GETTING_STARTED.md

June 6, 2025 · View on GitHub

Code Structure

Here’s an overview at the code layout and key modules:

modulepath
Tokenizer train scriptvq_train_accelerate.py
Sequential diffusion tokenizervq_model.py
Sequential diffusion decoderdiff_decoder.py
Tokenizer lossvq_loss.py
------
AR train scripttrain_c2i_accelerate.py
AR Llama backbonesgpt.py (basically unchanged from LlamaGen)
AR generate logicgenerate.py

Getting Started

Requirements

  • PyTorch ≥ 2.1
  • timm, accelerate, datasets
  • xformers (optional)
  • 80GB A100 GPUs (smaller batches for GPUs with lower VRAM)
  • tensorflow for adm evaluation suite

Preparation

mkdir -p temp # For storing temporary checkpoints
python tokenizer/tokenizer_image/utils_repa.py # Download REPA DINO and perform sanity check

IMPORTANT: We use accelerate to train our sequential diffusion tokenizer and D-AR models on multi GPU nodes. Please get yourself familiar with accelerate before proceeding. While the provided demo training scripts are designed for single-node training, they can be easily configured for multi-node setups by modifying relevant parameters. You may also need to modify batch_size or global_batch_size accordingly.

Train or Finetune a Sequential Diffusion Tokenizer

The training script is provided as debug_train_tokenizer.sh, based on accelerate.

bash debug_train_tokenizer.sh

You can simply finetune a sequential diffusion tokenizer from a checkpoint, e.g., temp/tokenizer_v1.pt, by appending this argument to the above script:

--vq-ckpt temp/tokenizer_v1.pt

We provide several dataset interface supports (webdataset, huggingface datasets, or simply folder). You can finetune our tokenizers with your own dataset by varying the --data-path argument. It can start with wds:// or datasets:// with remote streaming data loading (see dar_tool.py for details.)

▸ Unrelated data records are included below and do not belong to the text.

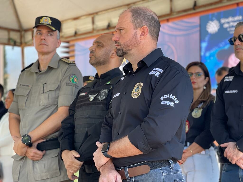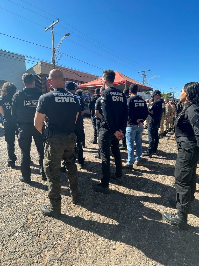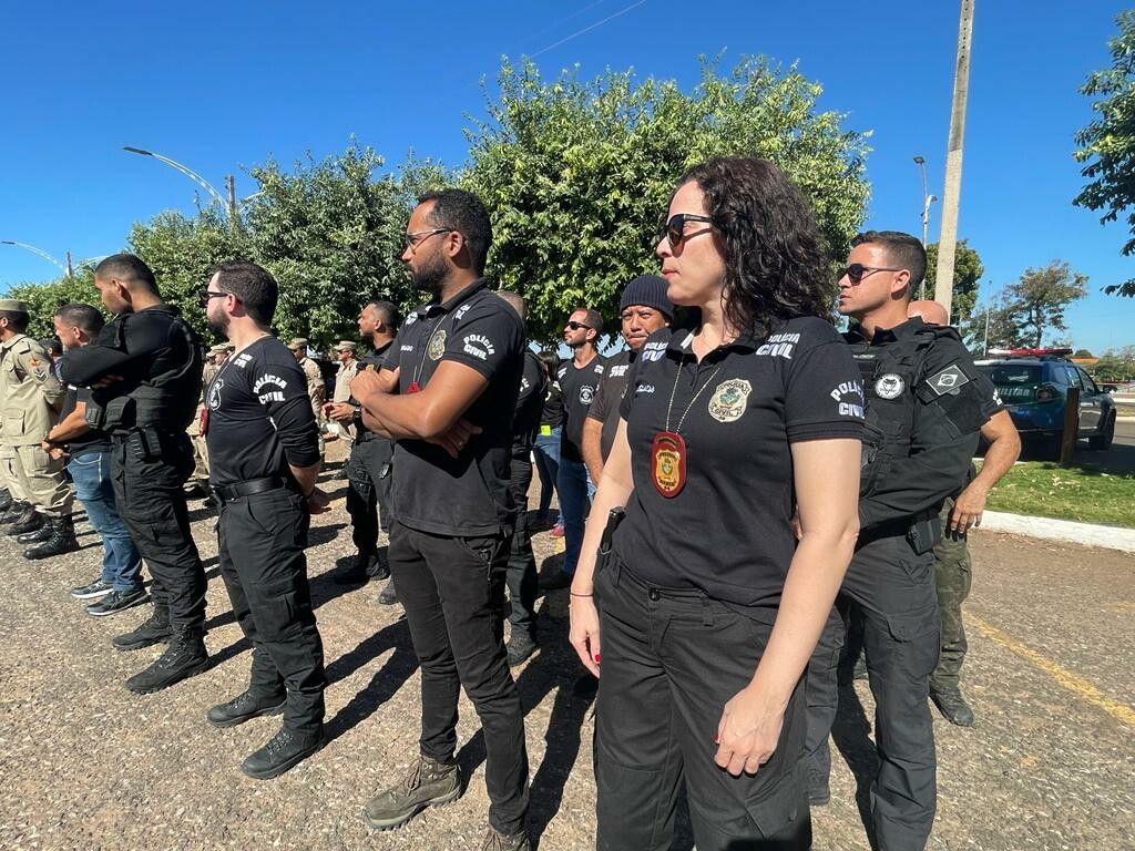 A Polícia Civil de Goiás participa hoje (7) da Operação Mãos Dadas, lançada na cidade de Porangatu, pela Secretaria de Segurança Pública de Goiás (SSP), por meio da Superintendência de Ações e Operações Integrada. Assim como já feito em Luziânia, Catalão, Rio Verde, São Luís de Montes Belos, Anápolis e Formosa, o foco é reforçar o policiamento ordinário e coibir crimes, visando à manutenção da paz e da ordem. Participaram da operação o delegado-geral da PCGO, André Ganga, o gerente de planejamento operacional (GPO), Rodrigo Mendes, a gerente de de Apoio às Delegacias Regionais e do Entorno, Cybelle Silva Tristão, o delegado regional de Porangatu, Stanislao Mont’Serrat, além do subsecretário de Segurança Pública Deusny Silva Filho e outras autoridades das forças de segurança.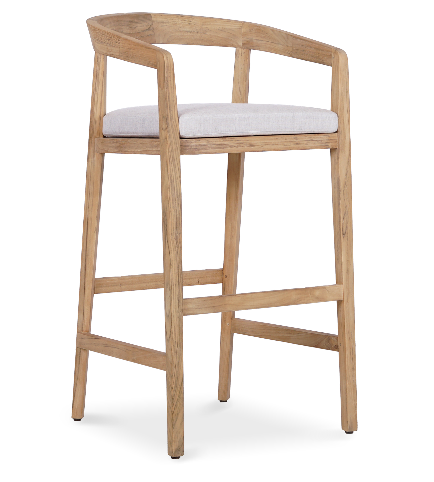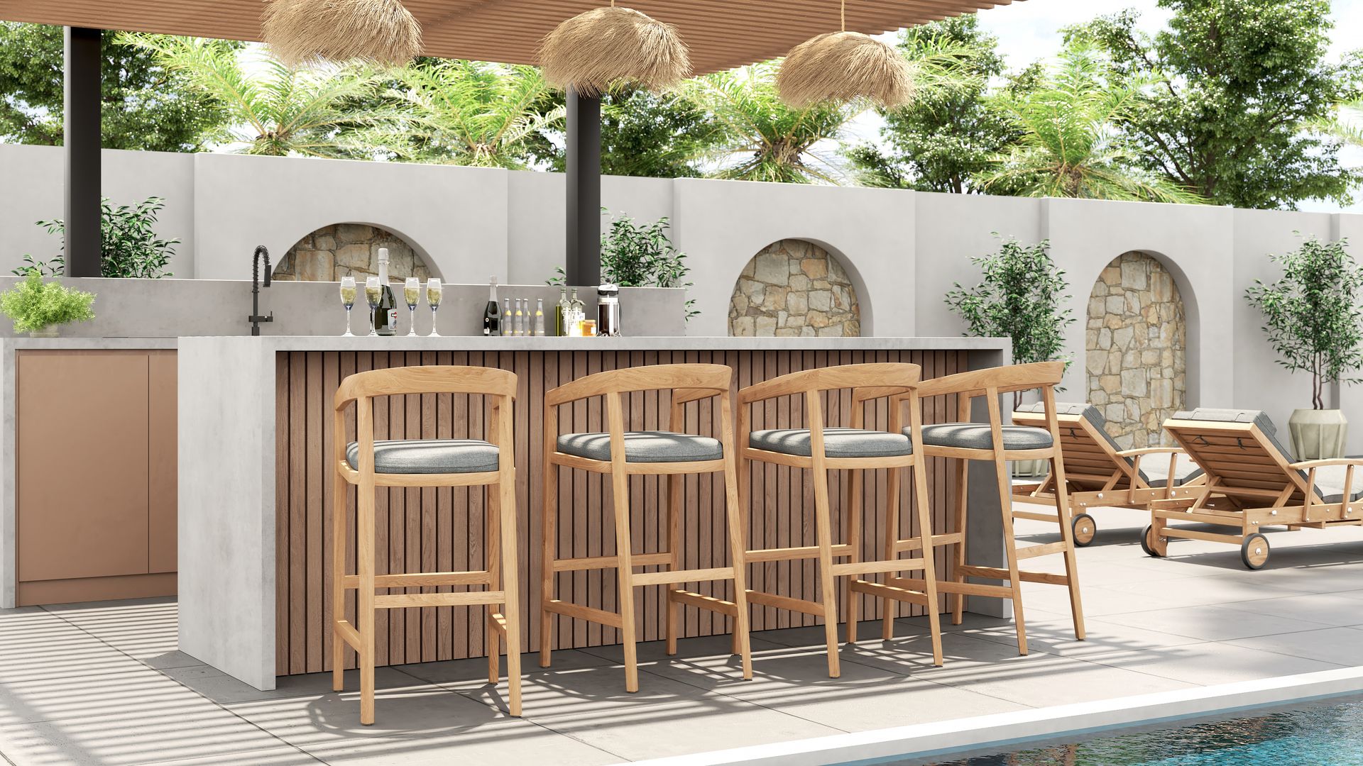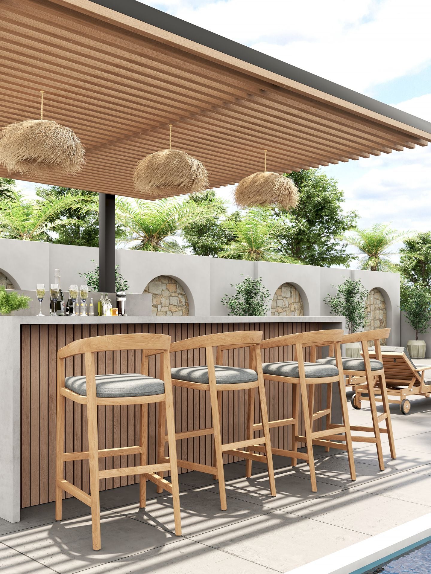 Perched at just the right height for poolside cocktails or casual kitchen chats, the vento bar chair combines sculptural lines with everyday comfort. Crafted from solid, sustainably sourced teak, its curved backrest and angled legs create a light, airy silhouette that doesn’t skimp on strength.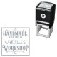 Marquez vos cadeaux de Noël faits main avec votre propre timbre auto-encastré "fait main avec amour en atelier". Le design comprend un design décoratif de bordure de coeur avec "fait à la main avec amour en atelier" affiché dans un style vintage lettrage et personnalisé avec nom pour un look vraiment personnalisé. Vous pouvez customiser la taille, la police et la disposition du texte pour votre propre préférence de conception personnelle.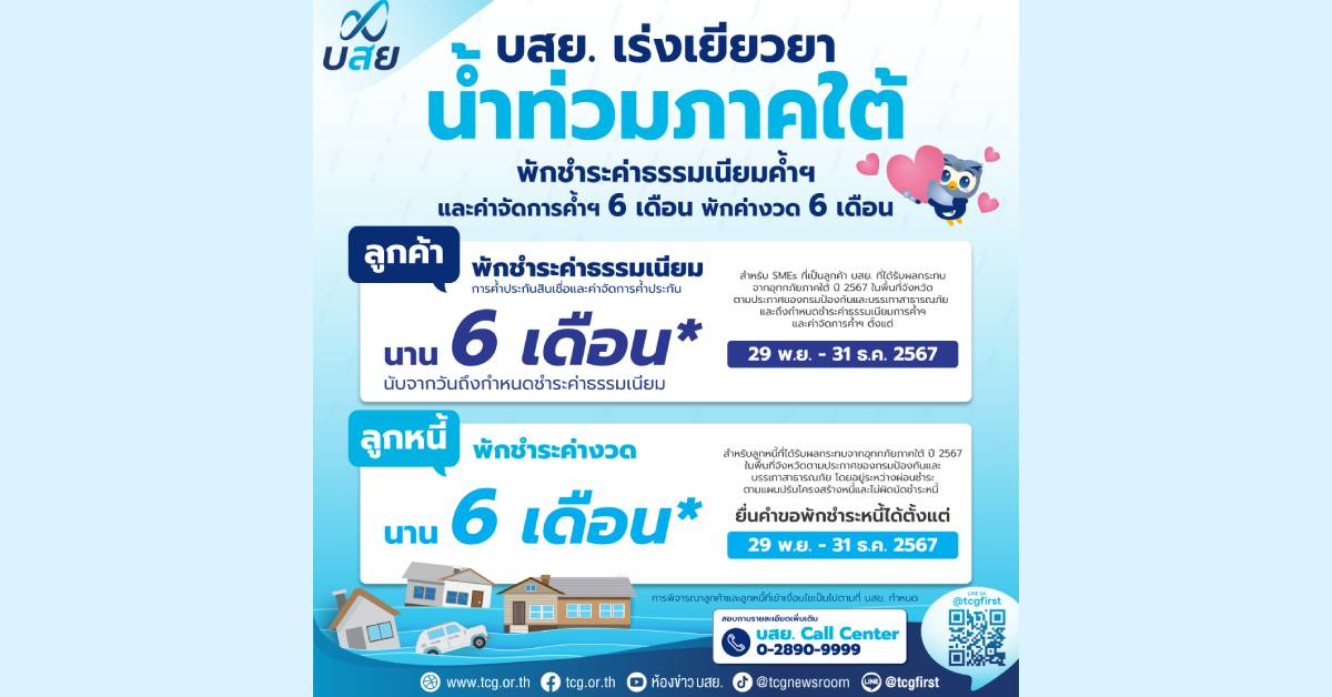 1.มาตรการช่วยลูกค้า บสย. พักชำระค่าธรรมเนียมและค่าจัดการค้ำประกัน 6 เดือน สำหรับ SMEs ลูกค้า บสย. ที่ได้รับผลกระทบจากอุทกภัยภาคใต้ปี 2567 และถึงกำหนดชำระค่าธรรมเนียมค้ำประกันและค่าจัดการค้ำประกัน ตั้งแต่วันที่ 29 พฤศจิกายน – 31 ธันวาคม 2567 โดยลูกค้าที่มีสิทธิเข้ามาตรการนี้มีจำนวนรวม 3,385 ราย คิดเป็นภาระค้ำประกันรวม 2,071 ล้านบาท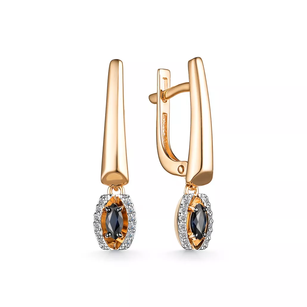 - Серьги с бриллиантами с сапфиром из золота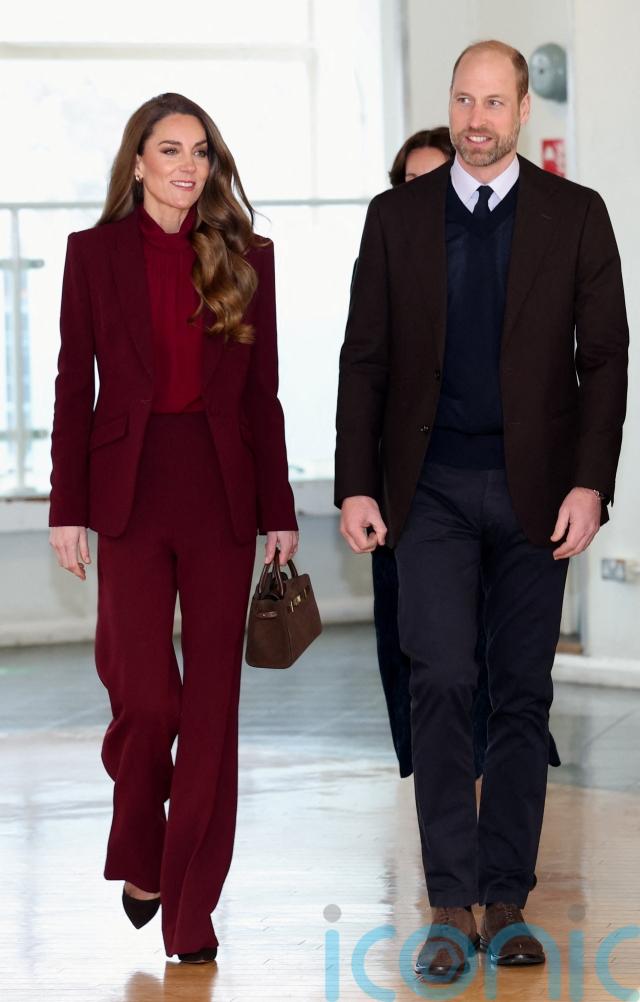 Kate, who wore her hair down and carried a small handbag, was dressed in an on-trend burgundy trouser suit with matching blouse, while William wore a V-neck jumper over his shirt and tie, with his suit jacket.

Evaluate the Sequential Diffusion Tokenizer

See eval_recon_rfid.sh.

Visualize the Sequential Diffusion Tokenizer

See sample_tokenizer.py.

Train a D-AR model

The training script is provided as debug_train_c2i.sh, also based on accelerate. Note that we here tokenize images on the fly during training, which may not be optimal for training throughput.

Evaluate D-AR models

See eval_c2i_fid.sh.

Sample Images from D-AR models

See sample_dar.sh.